A review by ricardoreading
Doorbells at Dusk by Evans Light, Joshua Viola, Ian Welke, Josh Malerman, Gregor Xane, Chad Lutzke, Sean Eads, Jason Parent, Amber Fallon, Adam Light, Curtis M. Lawson, Joe Koch, Charles Gramlich, Lisa Lepovetsky, Thomas Vaughn

3.0

Anthologies are, almost by definition, a mixed bag, which is both their blessing and their curse. The sheer diversity of the stories held within them can be, in my experience anyway, extremely refreshing or ridiculously frustrating.

My reading of this book swung more towards the latter. I finished this book feeling like... I had just finished a book. Which is really a poor thing to feel after putting one down.
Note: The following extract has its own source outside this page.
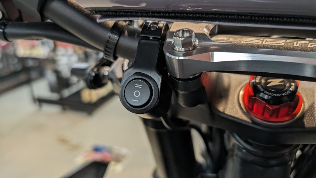 ハンドルに装着されたスイッチでON/OFFと発光色の切り替えが可能です。

There are some nice stories here, though, ranging from the decent to the genuinely good: "The Rye-Mother" by Curtis M. Lawson does a good job of mixing fairy lore with Hallowe'en, turning out a bittersweet story about finding a place to belong. Editor Evans Light cranks up the schlocky fun with his own "Rusty Husk", which, like a thousand slasher films before it, finds amusement in the morbid. "Vigil" by Chad Lutzke, probably my favorite of the lot, is a surprisingly wholesome story about communities coming together after a tragedy. And Sean Eads and Joshua Viola's "Many Carvings" channels Goosebumps by way of The VVitch in a style I can only think of as "pastoral spooky."

The rest of the stories I found inoffensive but forgettable.